In the earliest stages, candidate drugs undergo years of testing and development to evaluate efficacy and potential toxicity through in vitro cell culture and in vivo animal studies. Preclinical animal studies are also used to determine initial human dosing, scaled by relative differences in weight. 

Before testing can proceed from animals to humans, the drug’s sponsor (often the manufacturer) must then submit an investigational new drug (IND) application. This application includes the preclinical efficacy and toxicology data, detailed protocols for the initial clinical trial phases, and manufacturing information meeting the requirements for “Good Manufacturing Practices” (GMP) – criteria that establish, for instance, a manufacturer’s ability to consistently supply a drug for clinical trials with the necessary quality controls. The FDA reviews IND applications to gauge the risks to research study participants and rejects the application if risk is deemed too high or if there are study design flaws. Once an IND application is approved, the clinical trial process can begin. 

The table below delineates the four or five clinical research study phases, each of which builds upon the last – if the drug moves on to the next phase.

Table: Phases of Clinical Research

The most recently introduced phase 0 is not mandatory but is intended to expedite the clinical evaluation of new drugs, for instance by demonstrating that a given drug reaches its intended target tissue. (If a new cancer therapy does not reach a tumor, there is little point in proceeding to studies in a larger population.)

The four subsequent phases test drug safety and efficacy, determine dosage, and compare the new drug to placebo or other standard treatments. Early in the process, the focus is primarily on safety, with efficacy and comparison to alternatives taking on greater importance in later phases. Thus, when I occasionally highlight new drugs that are showing promise in early stages (I or II), any results are just that – promising, but not guaranteed to hold up in a more stringent randomized controlled trial (RCT) in phase III.

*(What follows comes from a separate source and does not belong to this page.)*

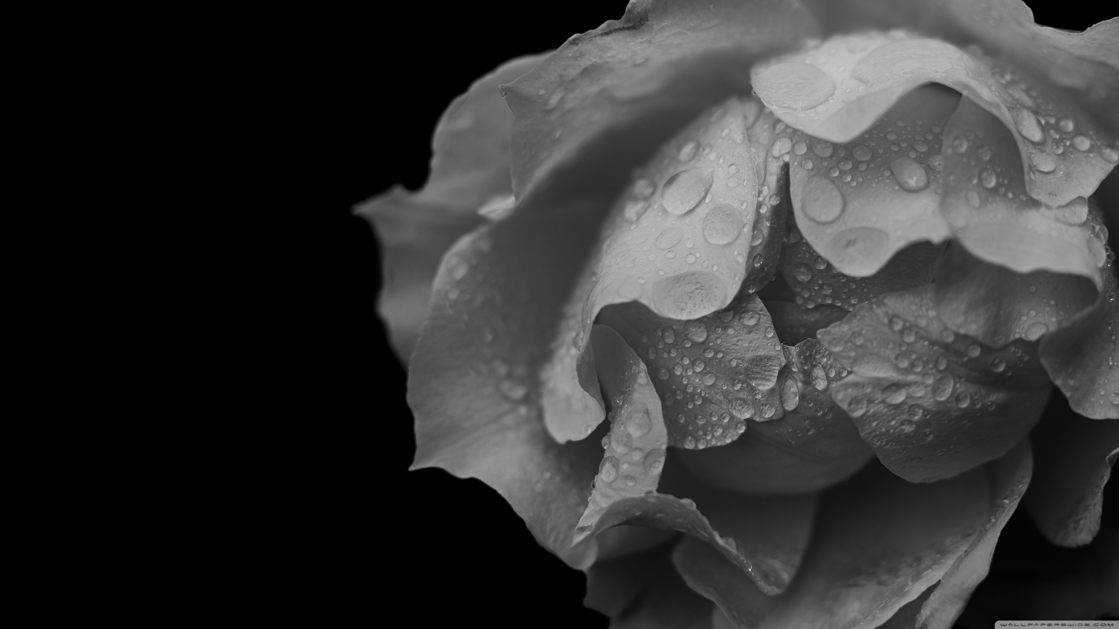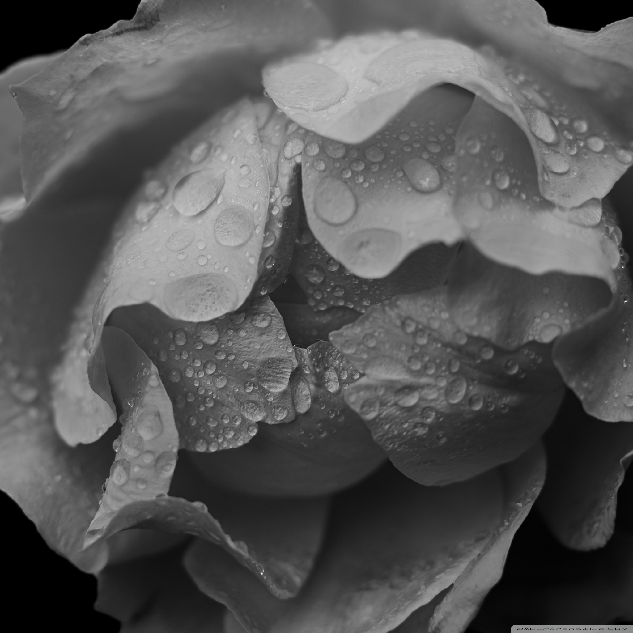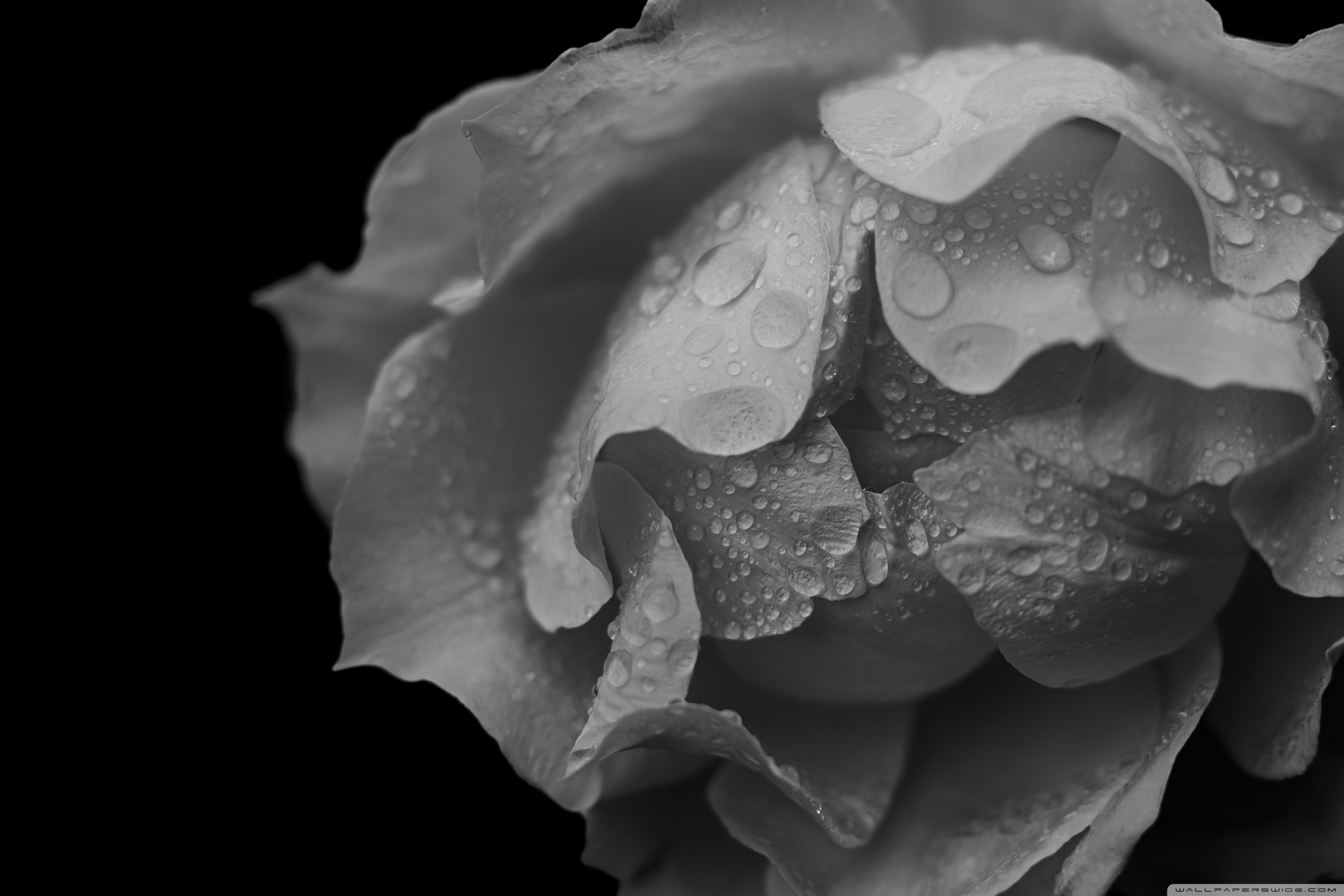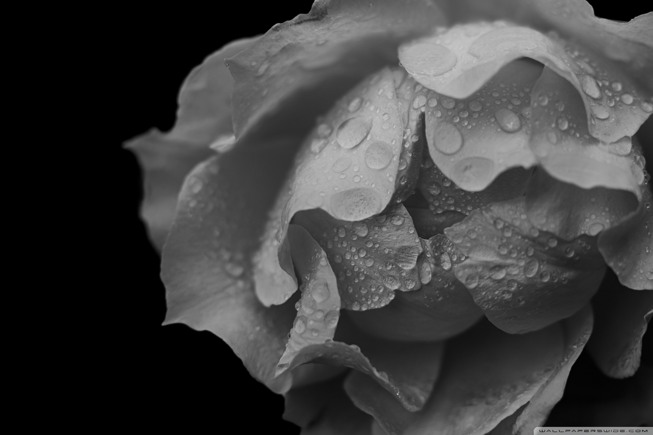 Download Water Drops on Rose, Black and White 4K UHD Wallpaper

Phase III is the first phase of clinical drug testing that requires comparison to a placebo group – or in cases where it would be unethical to give no intervention, a comparison to the existing standard of care. Some more recent drug trials use placebo comparisons in phase I, Ib, and II testing (for instance, this was the case with the triple receptor agonist retatrutide), though this practice is not required at these stages.^1–4 Just as phase 0 is intended to expedite the clinical evaluation of a drug, it may become more commonplace to have a placebo or other comparator groups in earlier phases to preview the drug’s expected performance in the most important phase III trial. Earlier trial phases take years and cost tens of millions of dollars to conduct, but phase III is the one that really matters. Successful phase III trials provide the safety and efficacy data necessary for a drug to then receive approval by regulatory agencies for subsequent commercial sale. After a drug hits the market, data on efficacy and safety continue to be monitored (known as “phase IV” testing) across the populations of individuals using the medication.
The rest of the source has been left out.